§ **WORK TO COMPLETE**
Output exactly, in the material below, the lines from the one with "View of First" through the one with "Roll, yaw and". Omit all pictures.

§ **SUPPLIED DATA**
****************
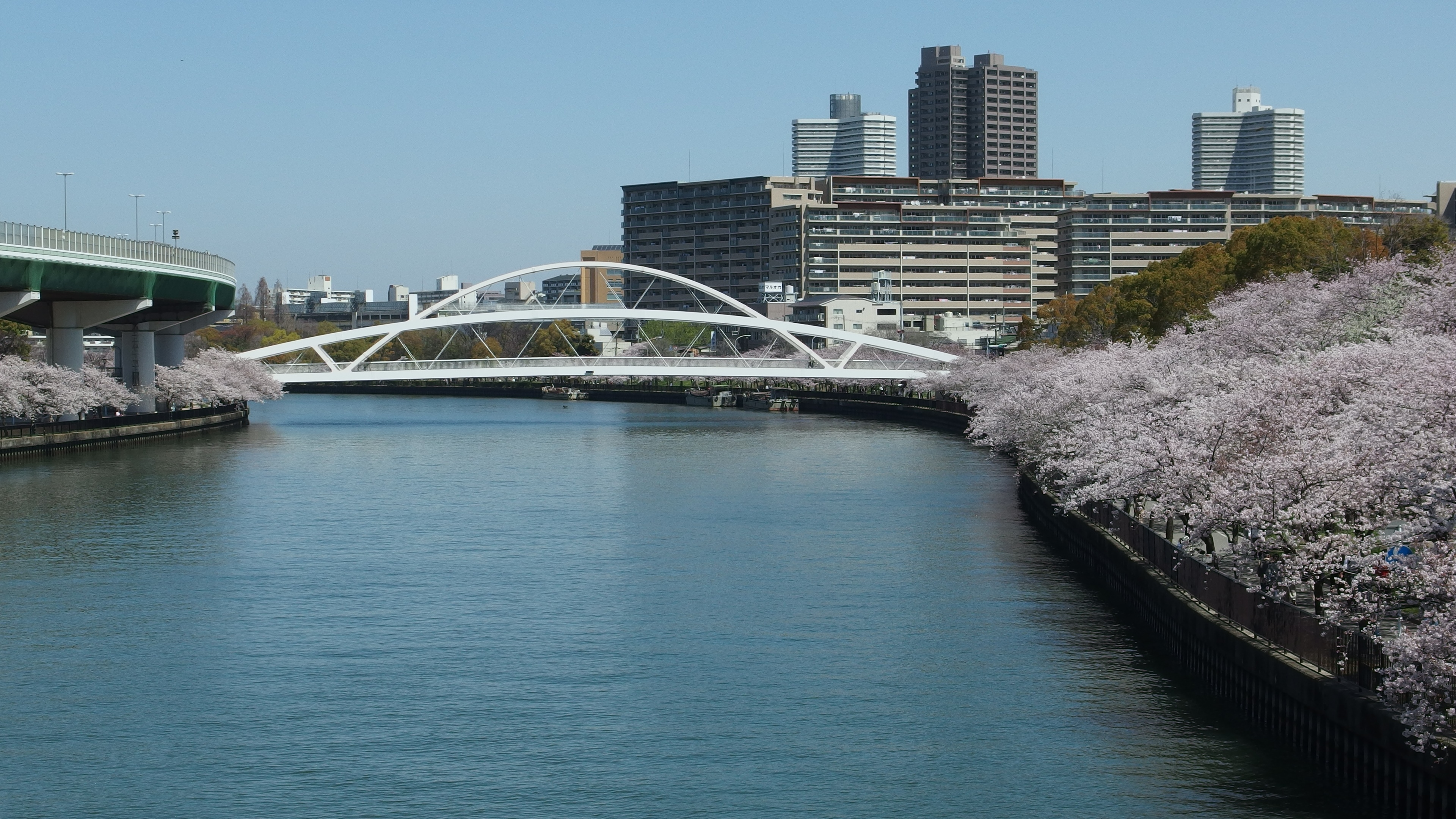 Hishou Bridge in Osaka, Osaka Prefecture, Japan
****************
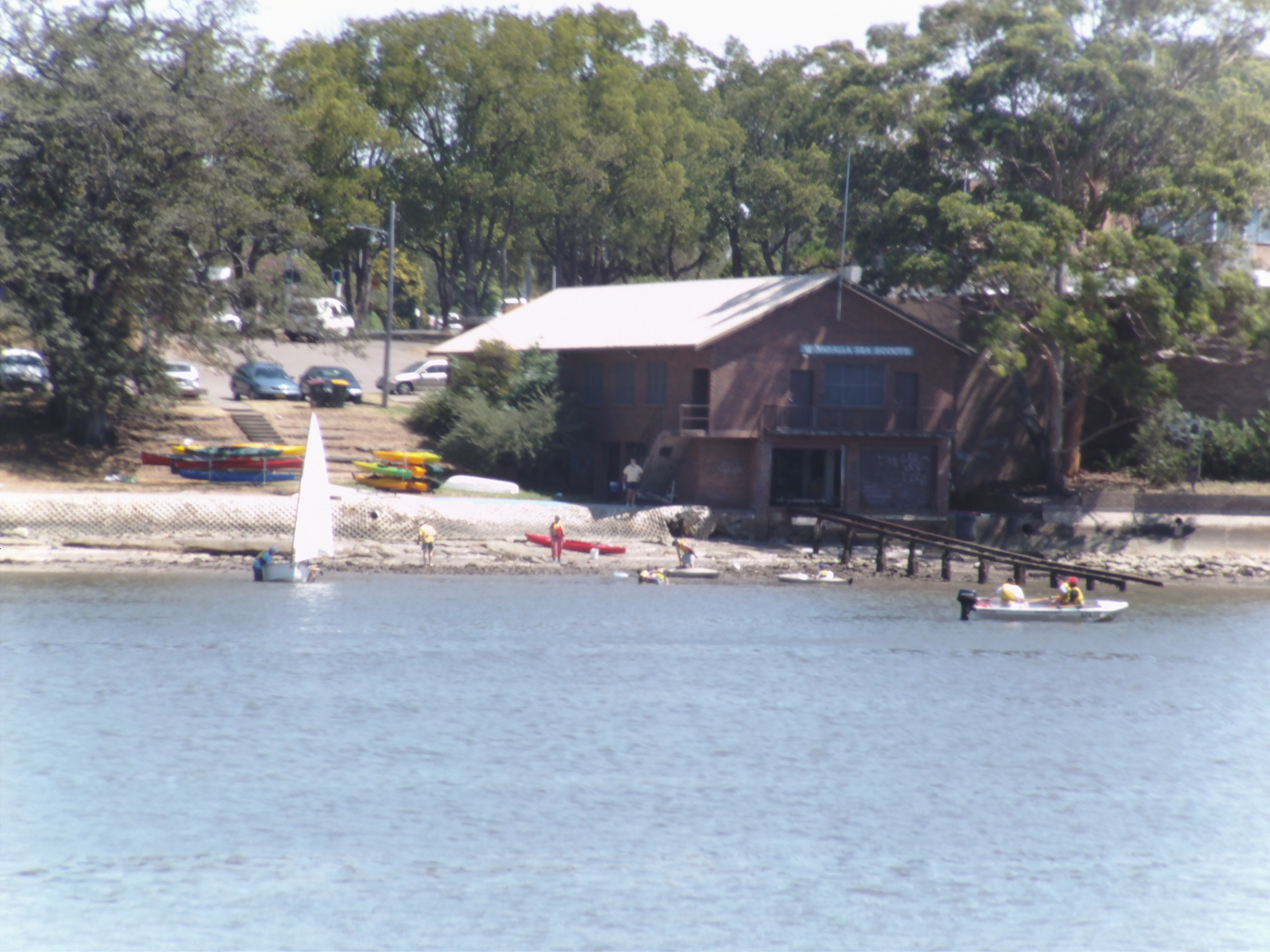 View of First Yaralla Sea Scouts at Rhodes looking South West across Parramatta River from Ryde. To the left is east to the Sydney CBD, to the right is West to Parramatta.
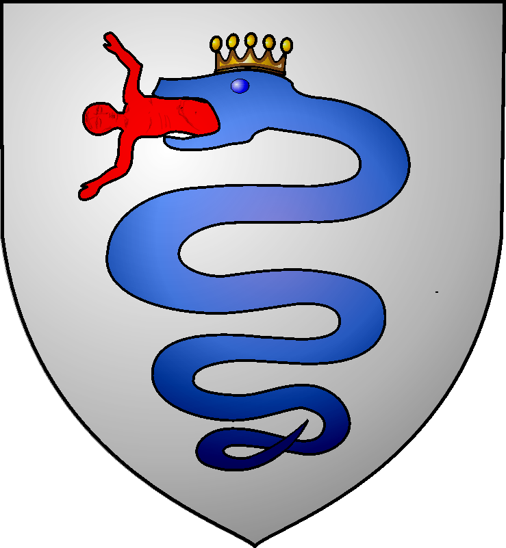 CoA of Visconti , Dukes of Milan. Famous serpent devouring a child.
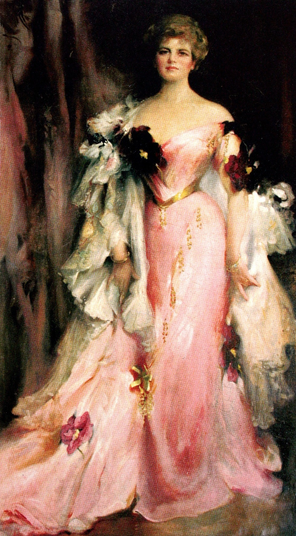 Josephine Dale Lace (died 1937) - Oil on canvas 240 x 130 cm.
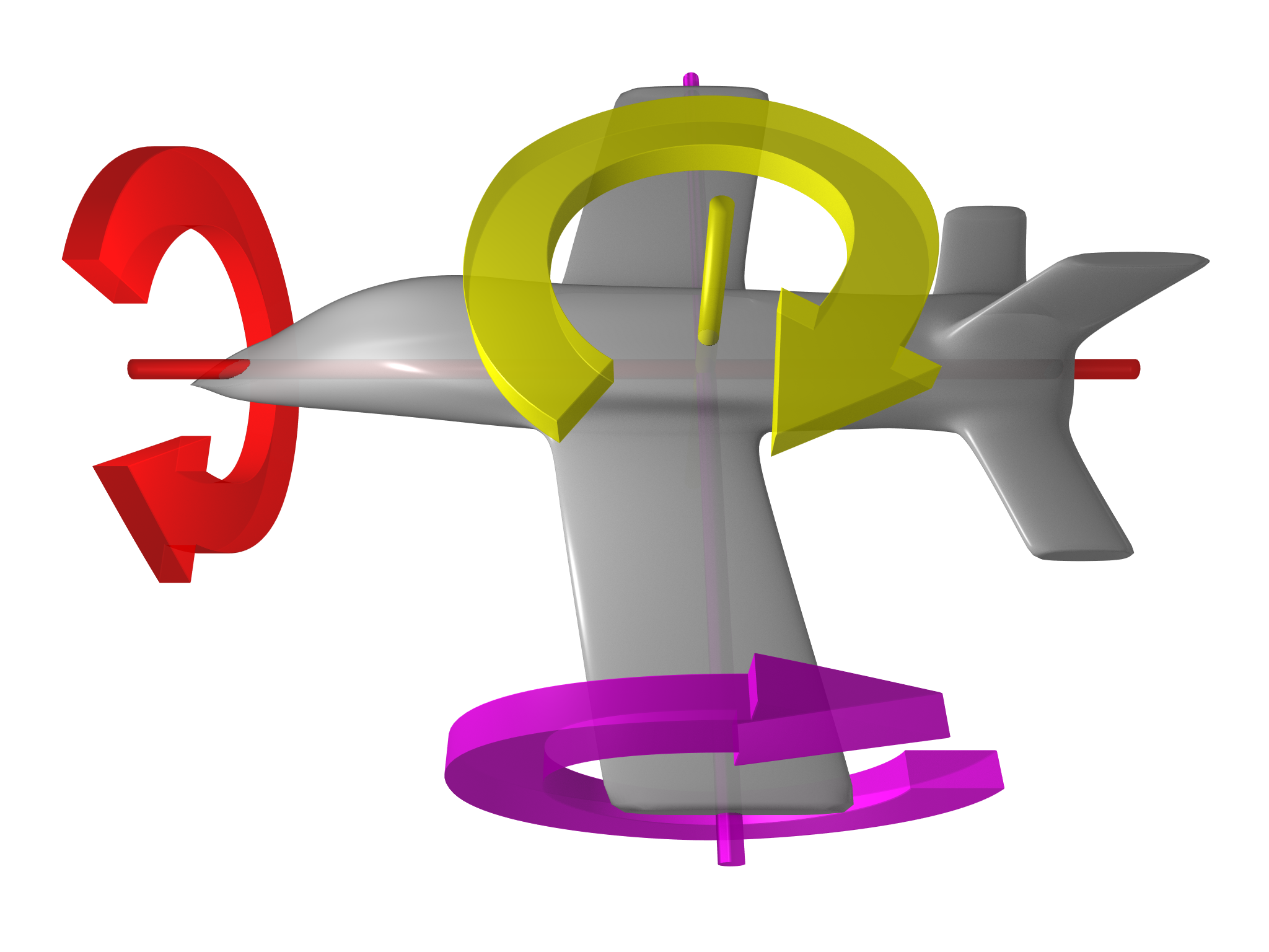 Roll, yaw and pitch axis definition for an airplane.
****************
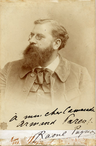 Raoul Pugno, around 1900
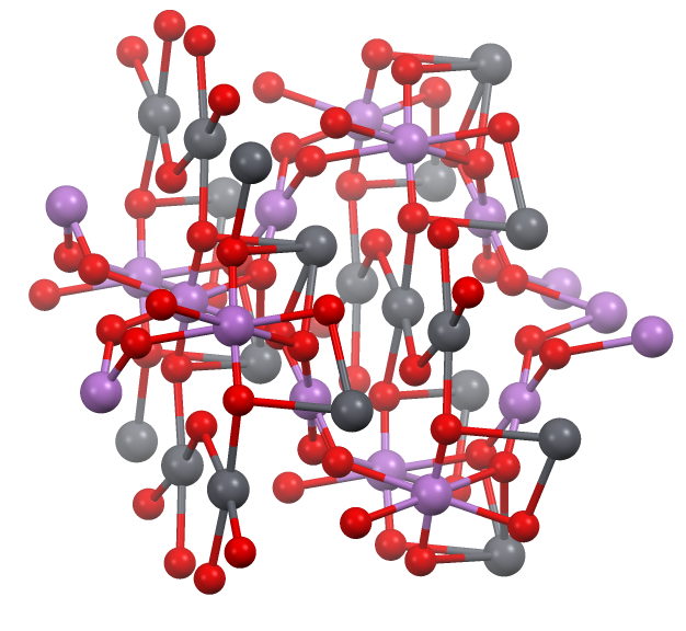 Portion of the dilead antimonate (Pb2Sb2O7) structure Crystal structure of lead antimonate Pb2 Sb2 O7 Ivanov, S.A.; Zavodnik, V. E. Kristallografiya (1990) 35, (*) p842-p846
****************
§ **ANSWER**
 View of First Yaralla Sea Scouts at Rhodes looking South West across Parramatta River from Ryde. To the left is east to the Sydney CBD, to the right is West to Parramatta.
 CoA of Visconti , Dukes of Milan. Famous serpent devouring a child.
 Josephine Dale Lace (died 1937) - Oil on canvas 240 x 130 cm.
 Roll, yaw and pitch axis definition for an airplane.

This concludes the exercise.